**Try it:** Beneath this line sits some data. Return only its lines from the one holding "1950s Egidio Casagrande" through the one holding "Go here to read", inclusive, exactly, with the images removed.

BEGIN Information given

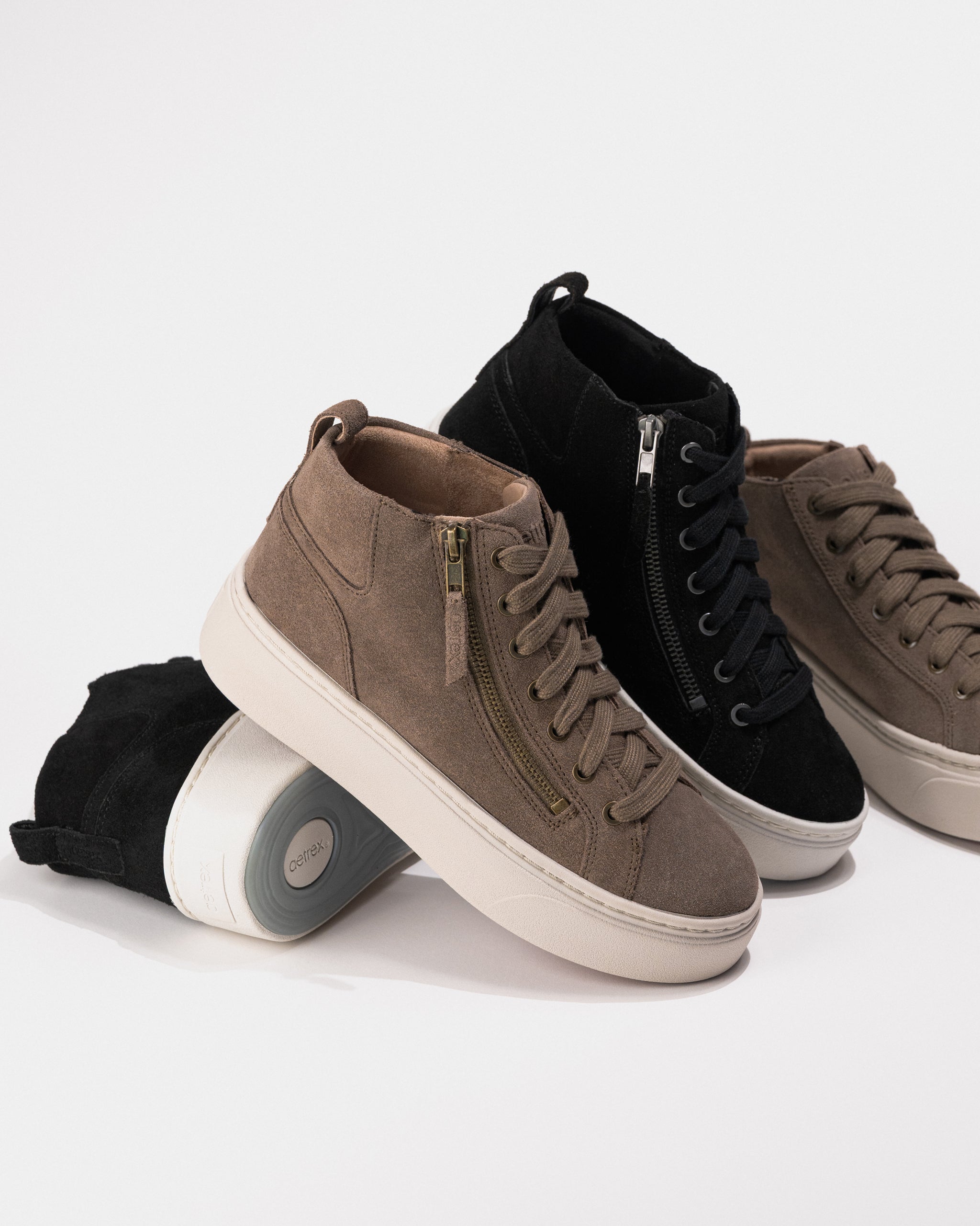 Designed for next-level support, the Gianna by Aetrex combines modern platform styling with comfort-driven technology. Crafted from soft black leather, this high-top sneaker features a functional side zipper, padded heel collar, and thick UltraSky™ cushioning. Aetrex’s Cobra Orthotic Technology and arch support system help relieve heel pressure and align your body from the ground up. Fashion-forward yet foot-friendly, the Gianna is ideal for long days, errand runs, or travel-ready comfort.
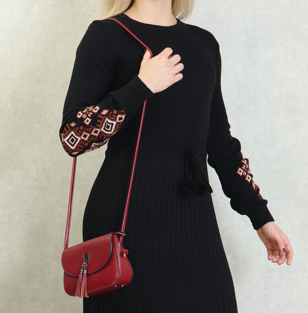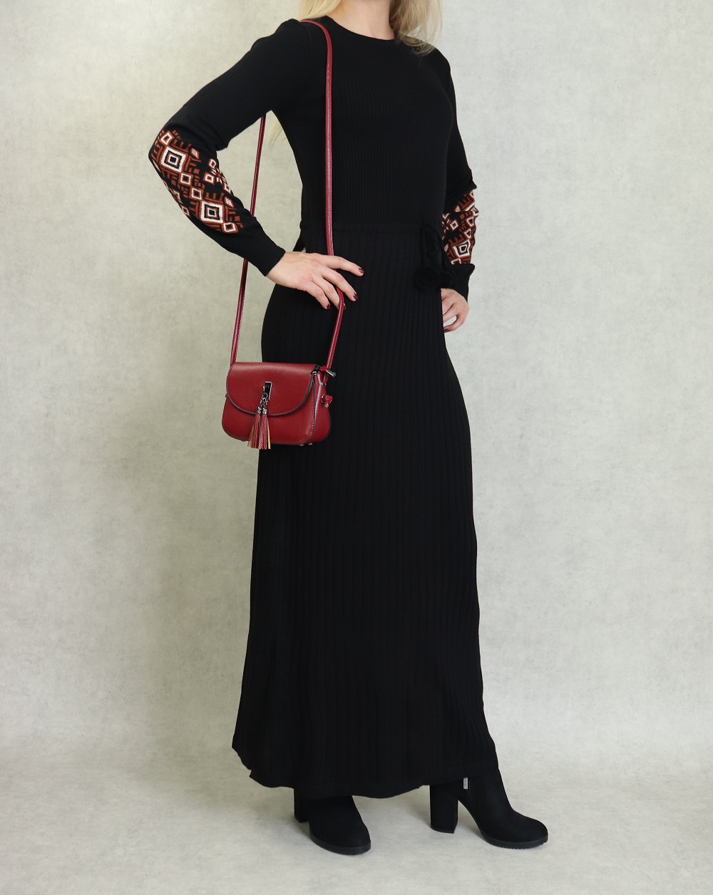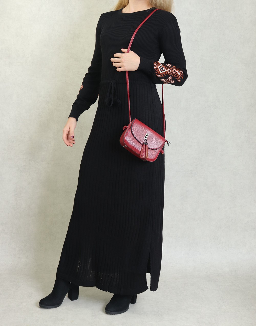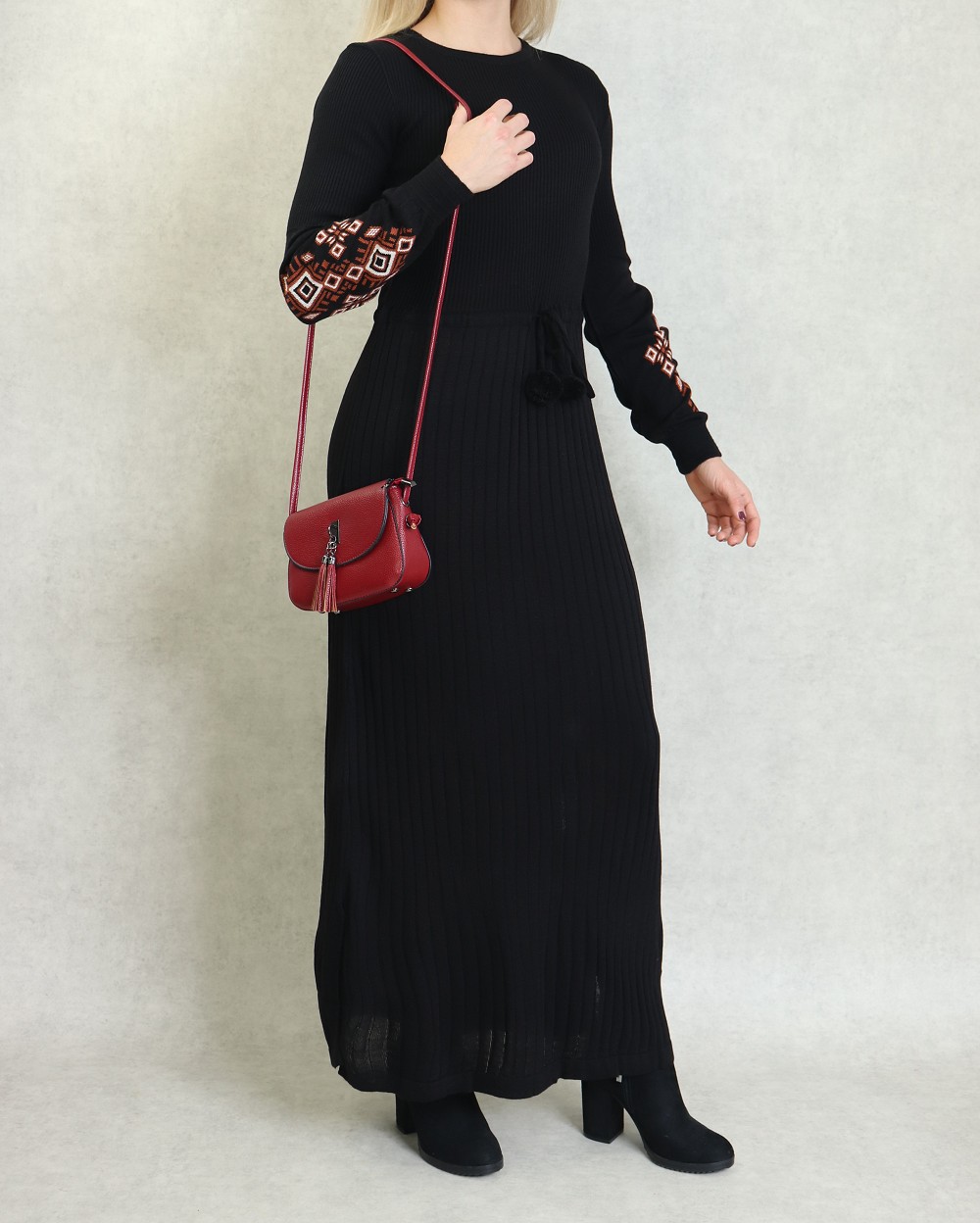 Robe originale, elle mettra en valeur votre côté chic et féminin. Encolure rond. Manches longues avec motif brodé sur l'avant bras. Découpe taille avec un lien de serrage (ceinture intégrée à pompon). Facile à vivre, douce sur la peau et bien souple, la robe pull en côtes.
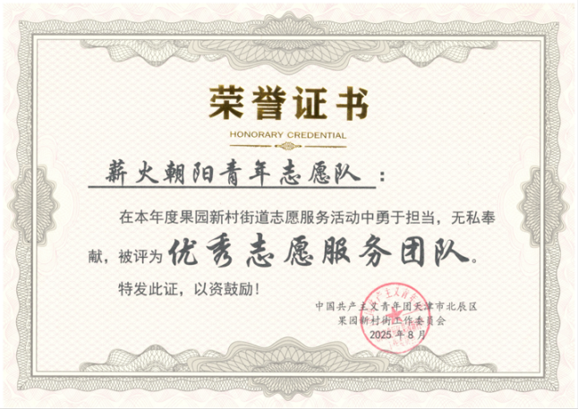“薪火朝阳”青年志愿队荣获由街道工委颁发的“优秀社会实践服务团队”证书,并收到来自社区居委会的诚挚感谢信。
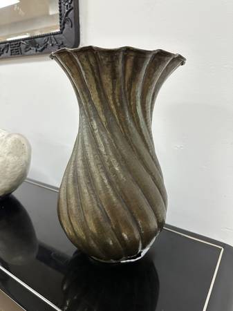 1950s Egidio Casagrande Italia Hammered Brass Vase Measurements: 13.75"H
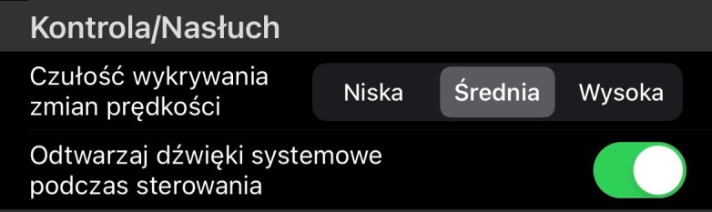 - Czułość wykrywania zmiany prędkości — podczas nagrywania Podróży in Centrum Kontroli i Sterowania, przesuwasz wskaźnik prędkości, aby zwiększyć lub zmniejszyć prędkość pociągu. Czułość oznacza, jak bardzo prędkość powinna się zmienić, od ostatnio zarejestrowanej wartości, aby została zarejestrowana jako Zdarzenie w Podróży. To samo dotyczy nasłuchu nadchodzących zmian prędkości z Z21 wysyłanych przez inny kontroler dla lokomotyw w trybie Nasłuchu.
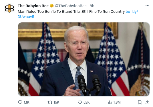 Go here to read the rest. This ceased to be funny long ago. Biden should be in a nursing home, not the oval office. He is in no condition to run a lemonade stand let alone the country. This jeopardizes all of us. Time to invoke the 25th Amendment.
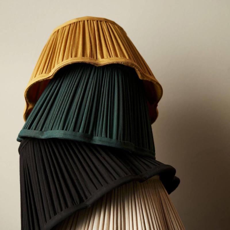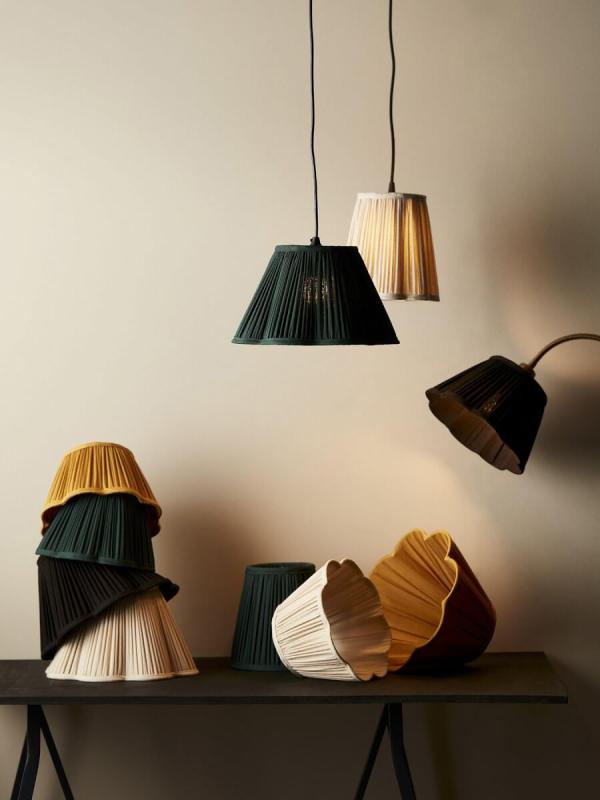 Siv är en serie lampskärmar med Toppringsfäste från PR-Home som är avsedda för golvlampor med läsarm, vägglampor alternativt som en hängande skärm med ett E27 upphäng. Dessa skärmar har en mjukt vågig form med ett plisserat tyg med fodrad insida i samma färg som utsidan. Här ser du Siv 30 cm i svart.
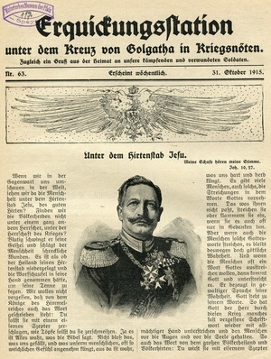 Missionsblatt "Erquickungsstation unter dem Kreuz von Golgatha in Kriegsnöten. Zugleich ein Gruß aus der Heimat an unsere kämpfenden und verwundeten Soldaten". 4-blättriges Missionsblatt der Evangelischen Vereinsbuchhandlung Kaiserslautern (31. Oktober 1915). Schriftleitung: Professor Krafft in Kaiserslautern. Druck: Emil Rohr Buchdruckerei und Verlagsgesellschaft m.b.H., Kaiserslautern.
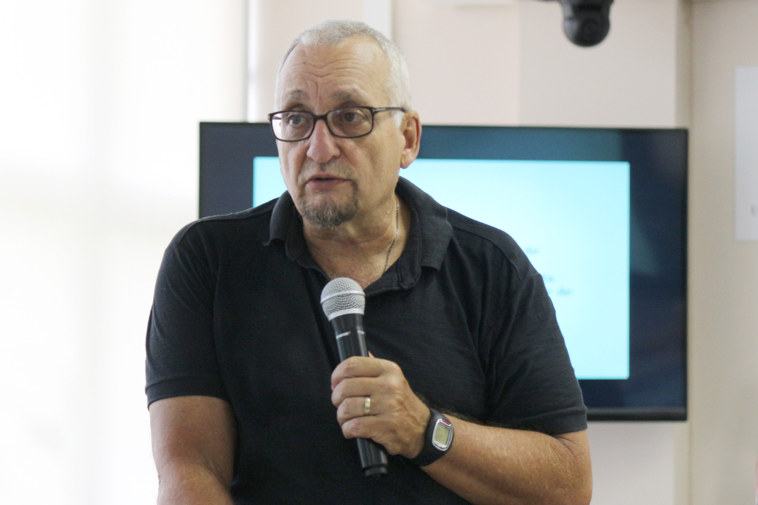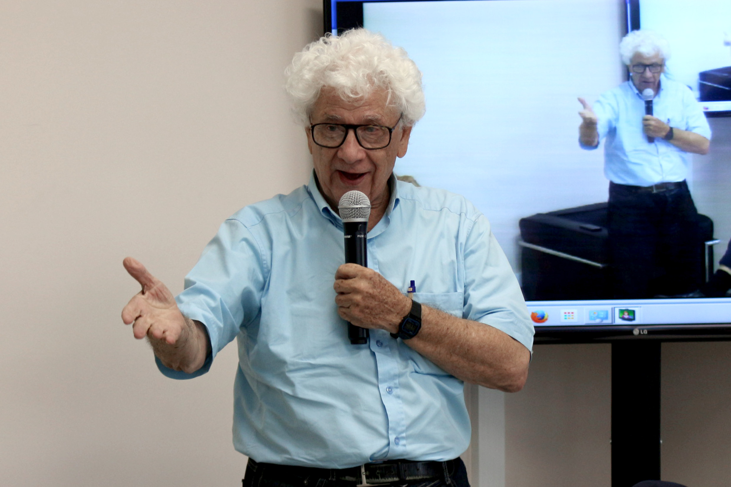 Carlos Alberto Barbosa Dantas faz perguntas aos expositores

END Information given

**Solution to the problem:**
 1950s Egidio Casagrande Italia Hammered Brass Vase Measurements: 13.75"H
 - Czułość wykrywania zmiany prędkości — podczas nagrywania Podróży in Centrum Kontroli i Sterowania, przesuwasz wskaźnik prędkości, aby zwiększyć lub zmniejszyć prędkość pociągu. Czułość oznacza, jak bardzo prędkość powinna się zmienić, od ostatnio zarejestrowanej wartości, aby została zarejestrowana jako Zdarzenie w Podróży. To samo dotyczy nasłuchu nadchodzących zmian prędkości z Z21 wysyłanych przez inny kontroler dla lokomotyw w trybie Nasłuchu.
 Go here to read the rest. This ceased to be funny long ago. Biden should be in a nursing home, not the oval office. He is in no condition to run a lemonade stand let alone the country. This jeopardizes all of us. Time to invoke the 25th Amendment.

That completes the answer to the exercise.